[Start of section]
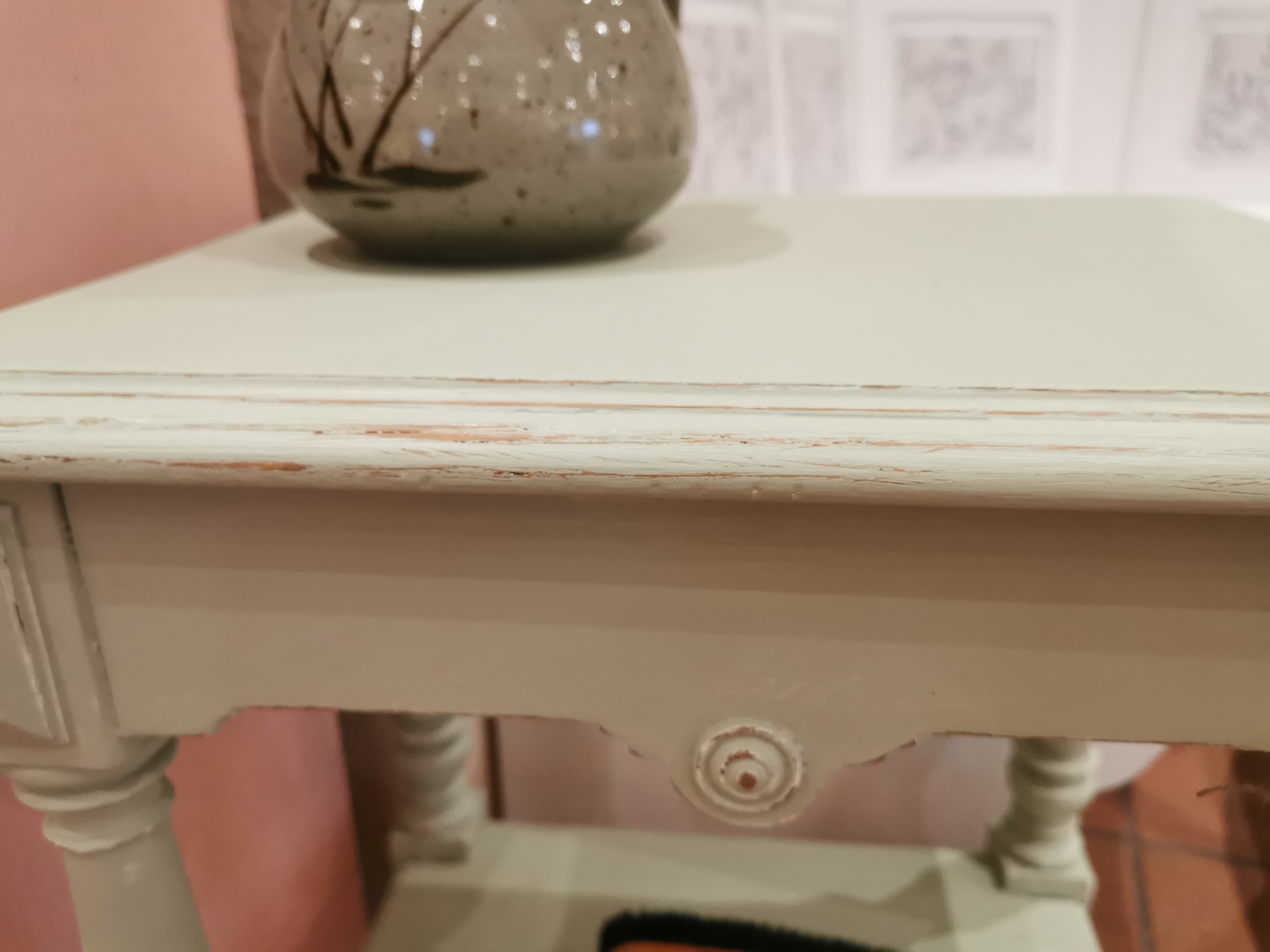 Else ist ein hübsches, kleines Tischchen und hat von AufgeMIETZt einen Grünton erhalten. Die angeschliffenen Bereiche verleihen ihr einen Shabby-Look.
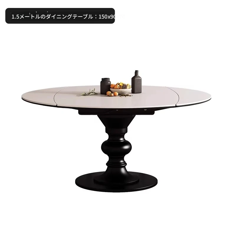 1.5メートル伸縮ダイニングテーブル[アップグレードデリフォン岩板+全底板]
[End of section]
[Start of section]
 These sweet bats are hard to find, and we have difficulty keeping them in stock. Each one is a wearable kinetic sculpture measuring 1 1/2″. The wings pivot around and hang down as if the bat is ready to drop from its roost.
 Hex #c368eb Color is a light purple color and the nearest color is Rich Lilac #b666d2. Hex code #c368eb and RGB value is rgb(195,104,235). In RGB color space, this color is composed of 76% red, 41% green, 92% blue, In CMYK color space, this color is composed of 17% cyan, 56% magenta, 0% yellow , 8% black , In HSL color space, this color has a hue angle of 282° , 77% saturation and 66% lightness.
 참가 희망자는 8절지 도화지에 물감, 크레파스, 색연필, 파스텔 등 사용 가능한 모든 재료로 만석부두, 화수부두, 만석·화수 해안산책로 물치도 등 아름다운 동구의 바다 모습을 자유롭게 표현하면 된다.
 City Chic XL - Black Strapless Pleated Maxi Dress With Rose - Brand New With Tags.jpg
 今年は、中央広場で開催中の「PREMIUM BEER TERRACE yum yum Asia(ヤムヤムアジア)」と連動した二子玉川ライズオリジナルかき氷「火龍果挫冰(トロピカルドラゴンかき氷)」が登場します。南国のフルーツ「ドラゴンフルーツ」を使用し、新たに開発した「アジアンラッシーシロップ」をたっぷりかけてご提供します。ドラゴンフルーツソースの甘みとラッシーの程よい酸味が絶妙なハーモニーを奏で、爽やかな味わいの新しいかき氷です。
[End of section]
[Start of section]
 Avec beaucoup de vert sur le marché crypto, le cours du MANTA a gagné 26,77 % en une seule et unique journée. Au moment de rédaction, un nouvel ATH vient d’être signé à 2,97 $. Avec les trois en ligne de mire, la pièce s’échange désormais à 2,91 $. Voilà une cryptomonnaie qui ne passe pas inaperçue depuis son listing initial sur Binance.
[End of section]
> _BRIEF_
From the records above, repeat exactly the lines from the one with "참가 희망자는 8절지" through the one with "今年は、中央広場で開催中の「PREMIUM BEER TERRACE", both included.

> _TASK OUTPUT_
 참가 희망자는 8절지 도화지에 물감, 크레파스, 색연필, 파스텔 등 사용 가능한 모든 재료로 만석부두, 화수부두, 만석·화수 해안산책로 물치도 등 아름다운 동구의 바다 모습을 자유롭게 표현하면 된다.
 City Chic XL - Black Strapless Pleated Maxi Dress With Rose - Brand New With Tags.jpg
 今年は、中央広場で開催中の「PREMIUM BEER TERRACE yum yum Asia(ヤムヤムアジア)」と連動した二子玉川ライズオリジナルかき氷「火龍果挫冰(トロピカルドラゴンかき氷)」が登場します。南国のフルーツ「ドラゴンフルーツ」を使用し、新たに開発した「アジアンラッシーシロップ」をたっぷりかけてご提供します。ドラゴンフルーツソースの甘みとラッシーの程よい酸味が絶妙なハーモニーを奏で、爽やかな味わいの新しいかき氷です。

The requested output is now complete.